Изменить стиль страницы

Уступки капитализму отмеряет у нас коммунистическая партия, как руководительница рабочего государства. Сейчас в нашей печати ведется широкое обсуждение вопроса о концессии Лесли Уркарта. Сдавать или не сдавать? Дискуссия имеет своей целью выяснить как конкретные материальные условия договора, так и оценить концессию с точки зрения ее места в общей системе советского хозяйства. Не слишком ли велика концессия? Не слишком ли глубоко внедрится капитал через эту концессию в самую сердцевину нашего промышленного хозяйства? Таковы вопросы. Кто их решает? Рабочее государство. Разумеется, НЭП заключает в себе огромную уступку буржуазным отношениям и самой буржуазии. Но размеры этой уступки как раз определяем мы. Мы – хозяева. У нас ключ от двери. Государство есть само по себе огромной важности фактор хозяйственной жизни. И мы ни мало не собираемся выпускать этот фактор из рук.

Л. Троцкий. МИРОВОЕ ПОЛОЖЕНИЕ И РЕВОЛЮЦИОННЫЕ ПЕРСПЕКТИВЫ

Повторяем: пророчества социал-демократов относительно последствий нашей новой экономической политики целиком вытекают из признания безнадежности пролетарской революции в Европе в ближайшую историческую эпоху. Мы не можем помешать этим господам оставаться пессимистами за счет пролетариата и оптимистами за счет буржуазии: в этом и состоит историческое призвание эпигонов II Интернационала. Что касается нас, то мы не имеем оснований подвергать сомнениям или изменениям тот взгляд на мировое положение, который был формулирован нами в тезисах, одобренных III конгрессом Коминтерна. За истекшие после того полтора года капитализм ни на шаг не приблизился к восстановлению своего равновесия, окончательно подорванного войной и ее последствиями. Английский министр иностранных дел, лорд Керзон, очень недурно охарактеризовал мировое положение в речи, которую он произнес 9 ноября, как раз в день рождения германской республики. Я приведу из нее несколько фраз, – они этого заслуживают:

«Все державы, – говорит Керзон, – вышли из войны со слабыми, надломленными силами. Мы (англичане) несем тяжкое иго налогов, которое давит на промышленность страны. У нас множество безработных во всех отраслях труда… Что касается до положения Франции, то эта страна обременена колоссальной задолженностью и не в состоянии добиться репараций… Германия находится в состоянии политической неустойчивости, а ее хозяйственная жизнь надломлена страшным валютным кризисом… Россия все еще находится вне семьи европейских народов, она все еще стоит под знаменем коммунизма (Керзон, значит, не совсем согласен на этот счет с Отто Бауэром) и продолжает свою коммунистическую пропаганду во всех частях мира (что вовсе неверно). Италия, – продолжает Керзон, – пережила много внутренних потрясений и правительственных кризисов (далеко не пережила, а еще только переживает)… Ближний Восток находится в состоянии полного хаоса. Такое положение дел ужасно».

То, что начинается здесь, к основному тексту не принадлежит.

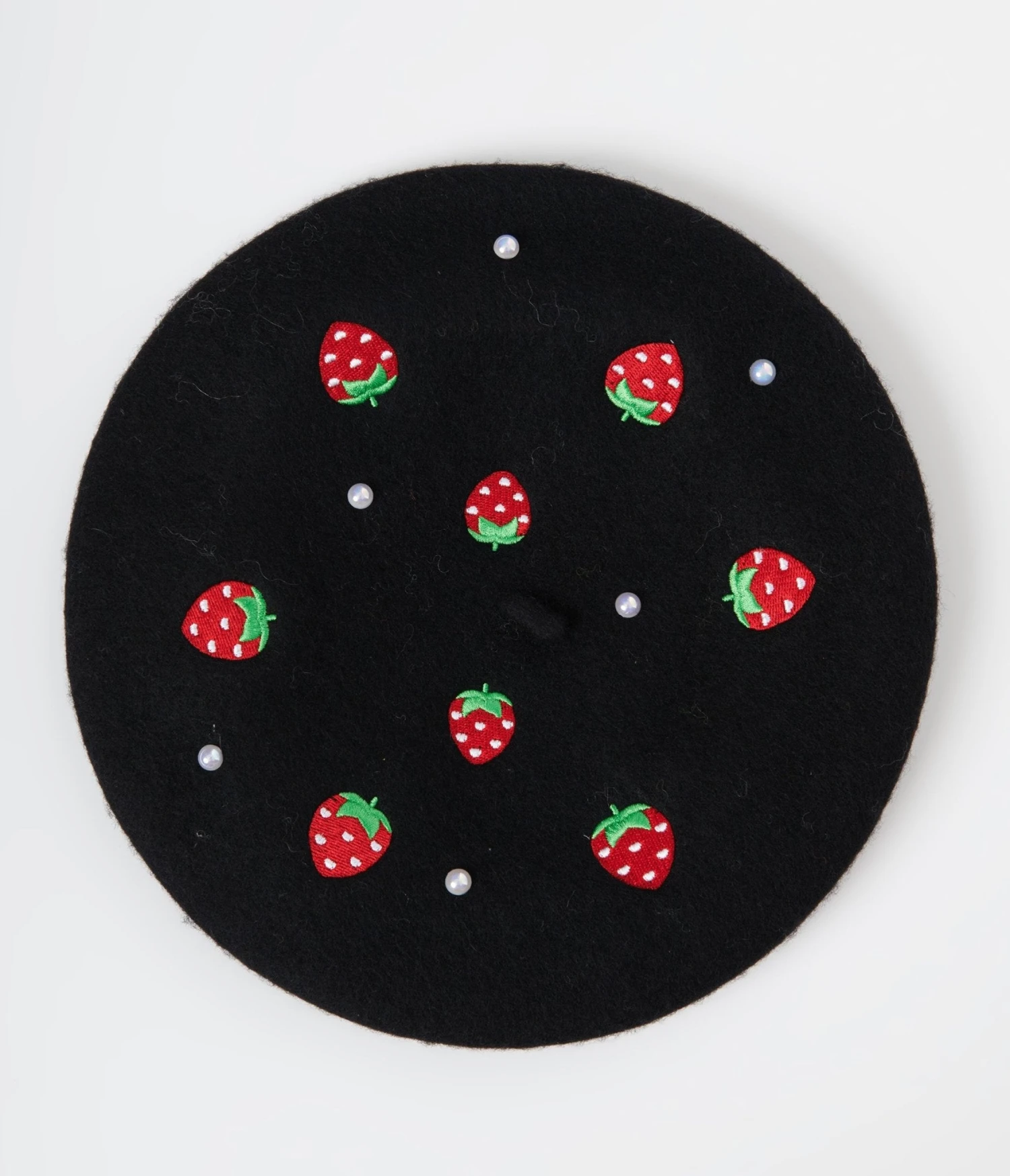 Are you ready to add a pop of sweetness and elegance to your outfits? This chic black beret is beautifully decorated with delicate embroidered strawberries and faux pearls. Not only will it keep you warm during colder days, but it also adds that extra touch of charm to any ensemble.
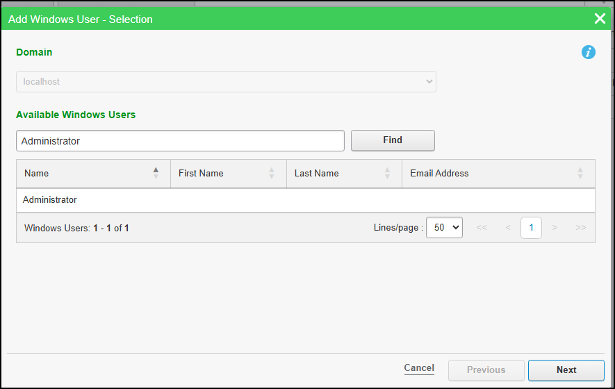 - In the search result table, select the Windows user you want to add, and then click Next.
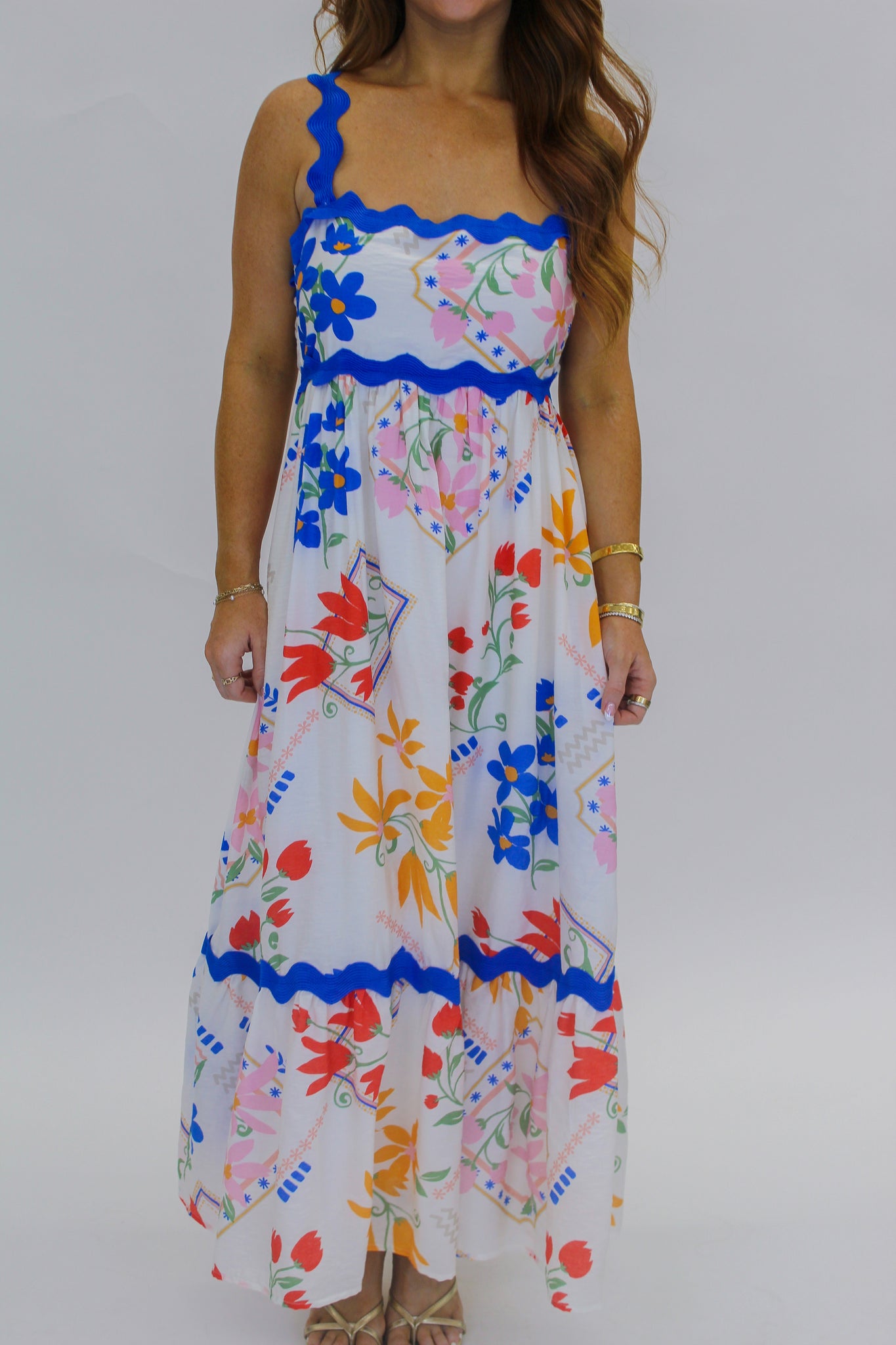 Escape to the Mediterranean in our Greece Floral Midi Dress. Perfect for your next vacation, this dress is both comfortable and stylish, making it the perfect outfit to wear while soaking up the sun. Pair with your favorite sandals or wedges for a chic and effortless look.
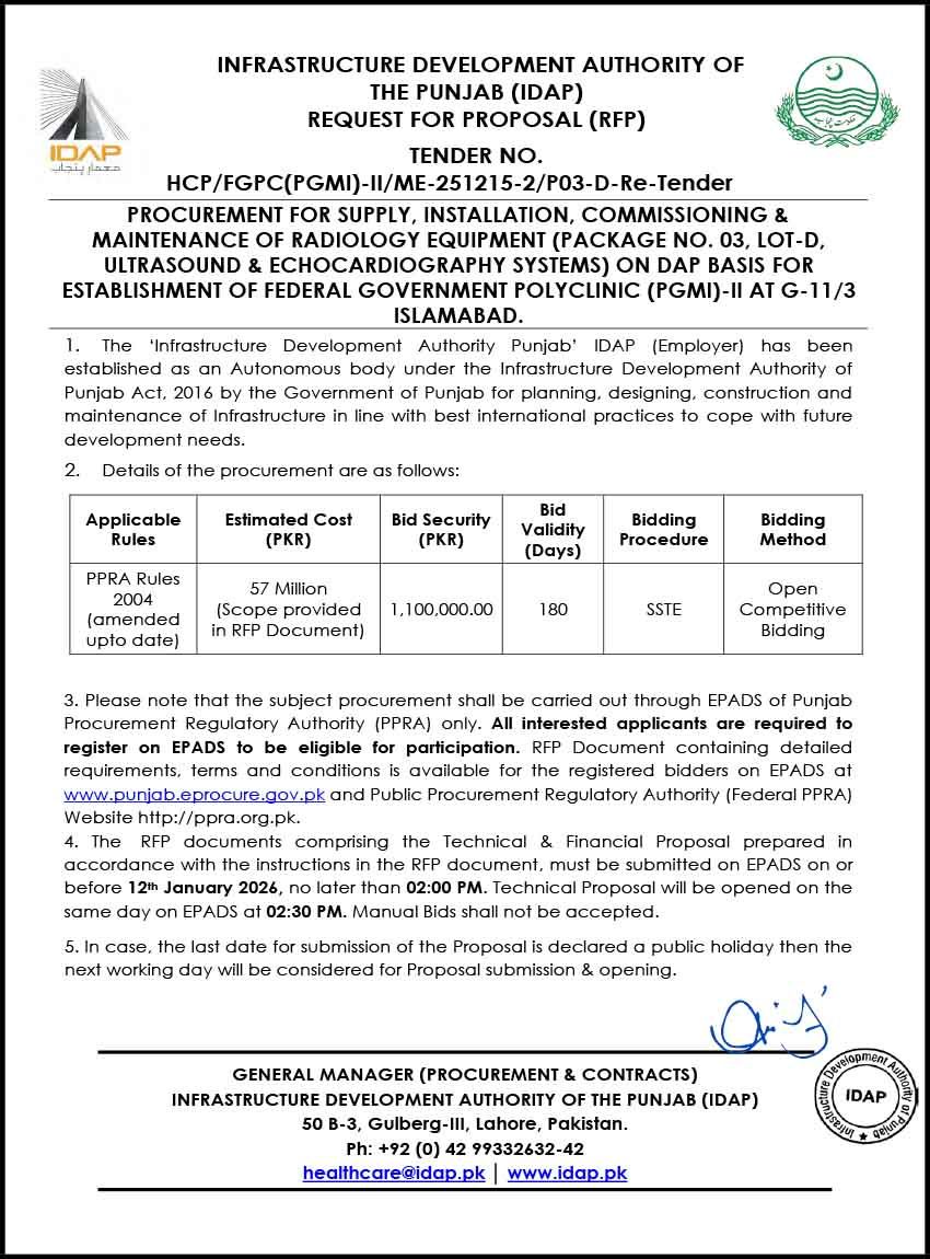 Temporary Pacemakers (Package No. 37, Lot-D) for “Establishment of 300-Bedded DHQ Hospital Mianwali.”
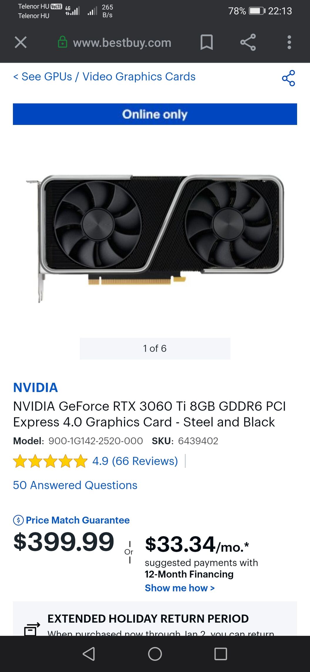 Ismételten felment a kriptobányászat, az Nvidia pedig a kiskereskedők kiszolgálása helyett face to face-ben azonnal a kínai bányáknak adta el a legyártott több ezer darabszámú kártyákat. Néha Néha befut 4-5db a boltokba, körülbelül ennyi ami megvehető. Emiatt az a 4-5db horror áron kerül eladásra. Ár érték arányban pedig a régebbi kártyák is drágulnak. Áprilisra saccoljuk, hogy lesz készlet és vissza áll a rend.
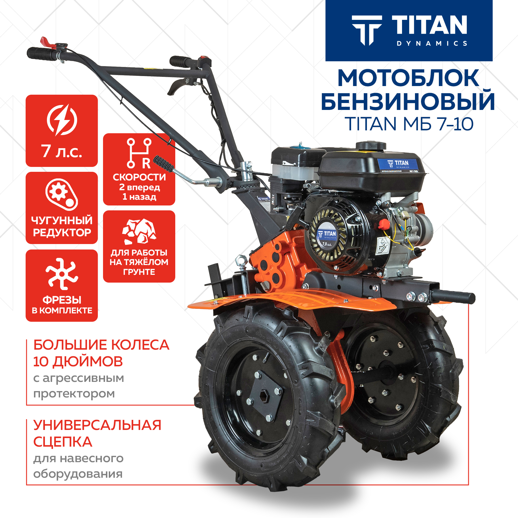 Устройство зарекомендовало себя как надежное и мощное, обладающее высокой работоспособностью и производительностью."TITAN" МБ 7-10 оснащен бензиновым четырехтактным двигателем 168F. Тип охлаждения мотора — воздушное. Мощность — 7л.с Мотоблок способен выполнять весь спектр сельхозработ: вспашка, культивация, нарезка борозд, окучивание, посадка и сбор картофеля, скашивание травы, перевозка грузов, а зимой поможет очистить участок от снега..
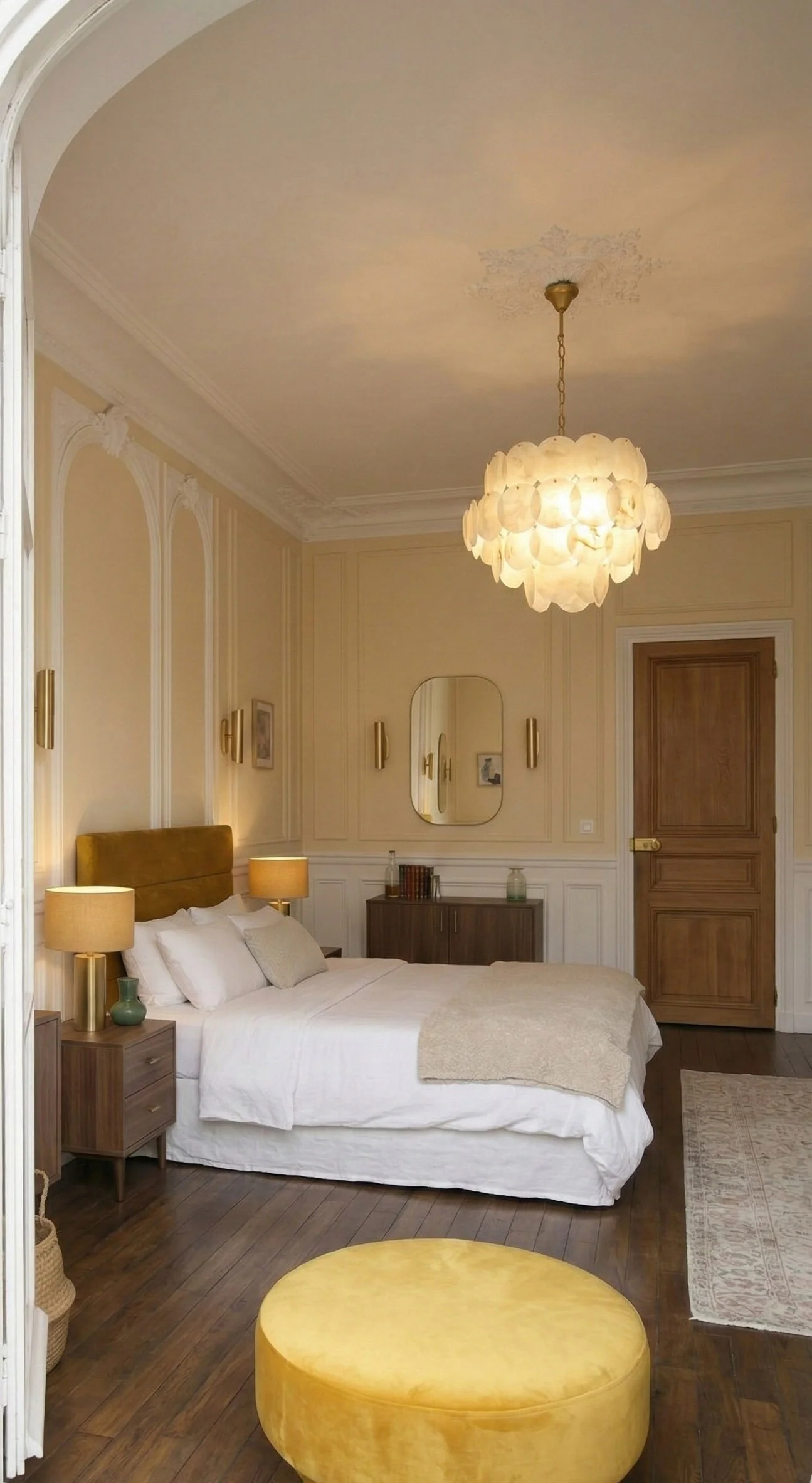 Dans ce volume baigné d'une clarté poudrée, c'est la matière qui prend la parole. Le beige n'est pas un silence, c'est une vibration : il se fait velours sur un siège, trame serrée sur un rideau, ou grain délicat sur les murs.

Лучше Керзона вести пропаганду в мировом масштабе не могли бы и мы, русские коммунисты. «Такое положение дел ужасно» – констатирует к 5-му юбилею Советской Республики авторитетный представитель наиболее сильного европейского государства. И он прав: положение ужасно. Из этого ужасного положения, – добавляем мы, – необходимо выйти. Выход же один: революция.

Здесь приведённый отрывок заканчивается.